━━ Exercise data

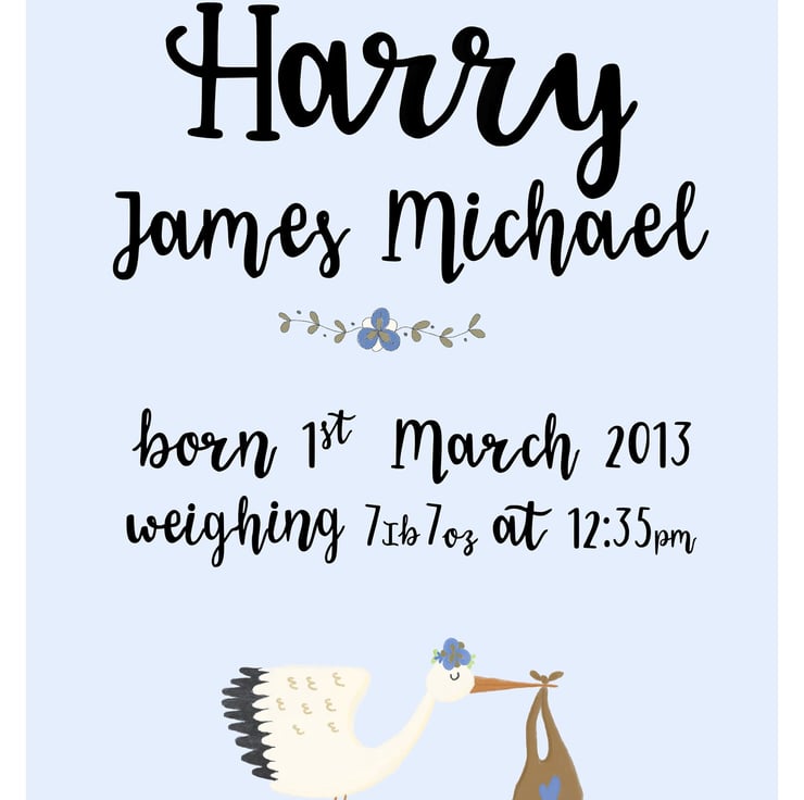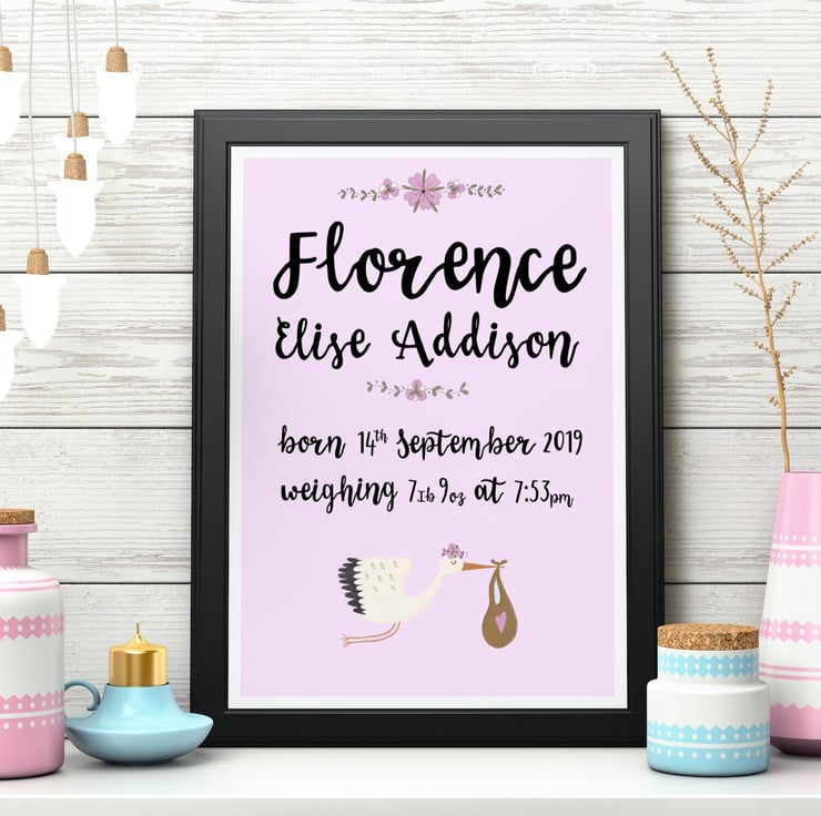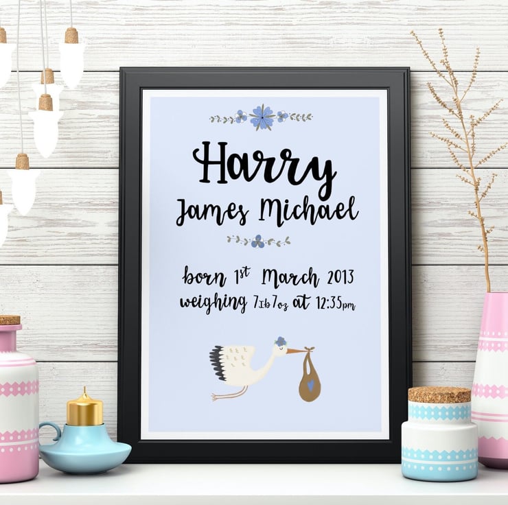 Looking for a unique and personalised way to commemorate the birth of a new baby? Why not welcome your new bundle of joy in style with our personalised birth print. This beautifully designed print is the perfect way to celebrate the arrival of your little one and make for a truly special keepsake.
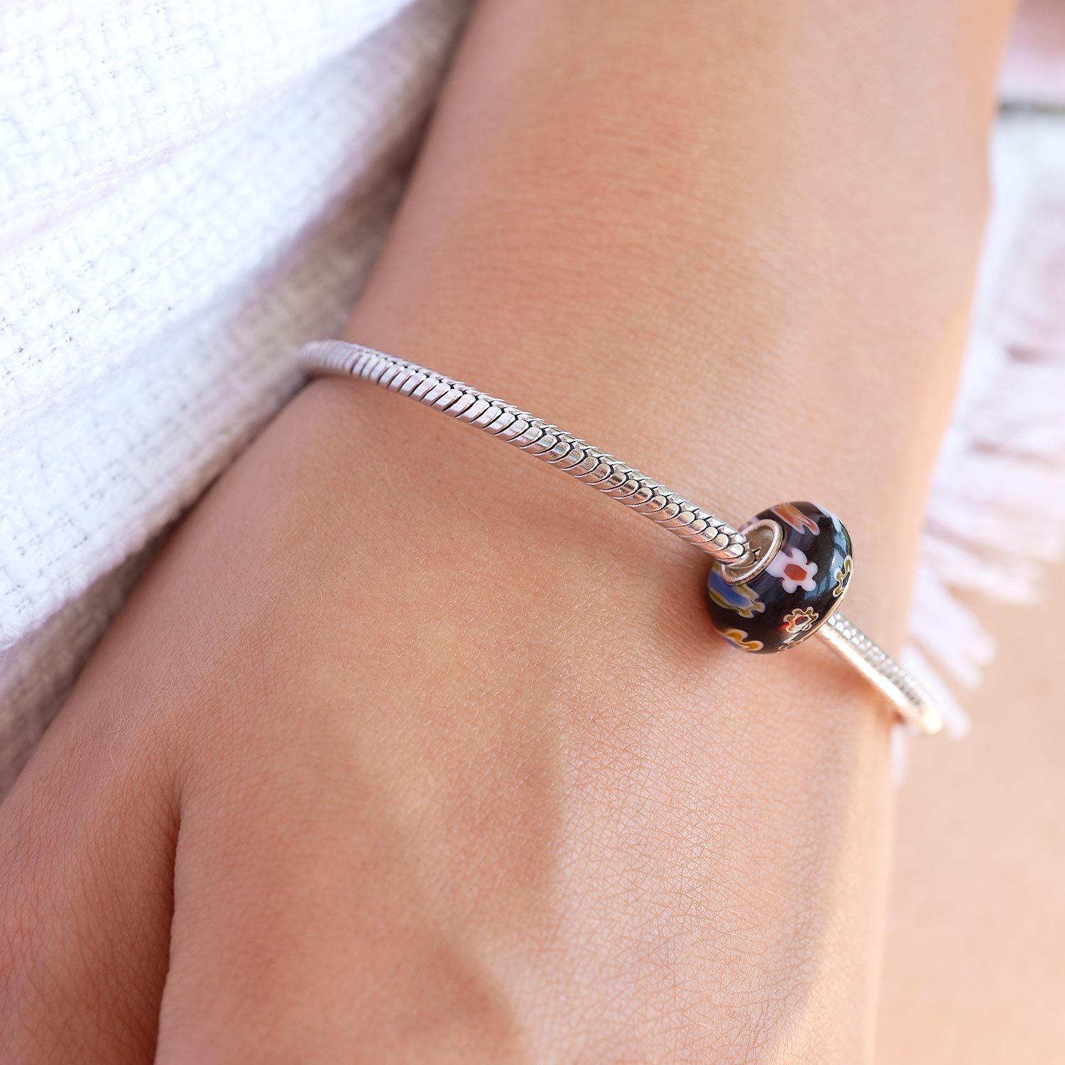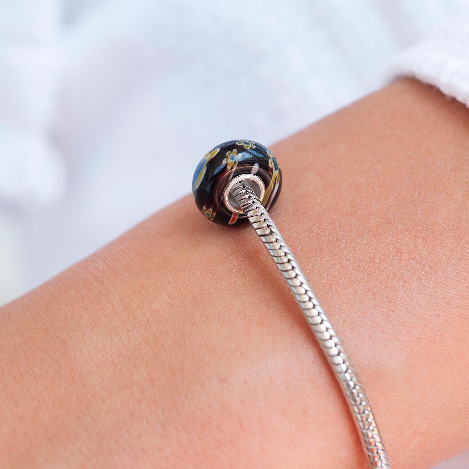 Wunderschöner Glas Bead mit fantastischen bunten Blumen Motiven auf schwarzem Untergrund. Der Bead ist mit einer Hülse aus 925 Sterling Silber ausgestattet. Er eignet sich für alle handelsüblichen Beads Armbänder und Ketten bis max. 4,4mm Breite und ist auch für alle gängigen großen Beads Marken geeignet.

━━━━
━━ Exercise data

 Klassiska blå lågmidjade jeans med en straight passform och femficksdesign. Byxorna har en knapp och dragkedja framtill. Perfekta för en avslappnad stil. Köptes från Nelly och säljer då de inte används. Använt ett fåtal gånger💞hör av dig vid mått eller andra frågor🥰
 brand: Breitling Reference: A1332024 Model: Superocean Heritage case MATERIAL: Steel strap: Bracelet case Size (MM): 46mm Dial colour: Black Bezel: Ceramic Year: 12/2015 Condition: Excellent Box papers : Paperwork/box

━━━━

Once the line with "Looking for a" is found in the data above, reproduce it and each line after it exactly, through the line with "Wunderschöner Glas Bead". Omit the pictures.

 Looking for a unique and personalised way to commemorate the birth of a new baby? Why not welcome your new bundle of joy in style with our personalised birth print. This beautifully designed print is the perfect way to celebrate the arrival of your little one and make for a truly special keepsake.
 Wunderschöner Glas Bead mit fantastischen bunten Blumen Motiven auf schwarzem Untergrund. Der Bead ist mit einer Hülse aus 925 Sterling Silber ausgestattet. Er eignet sich für alle handelsüblichen Beads Armbänder und Ketten bis max. 4,4mm Breite und ist auch für alle gängigen großen Beads Marken geeignet.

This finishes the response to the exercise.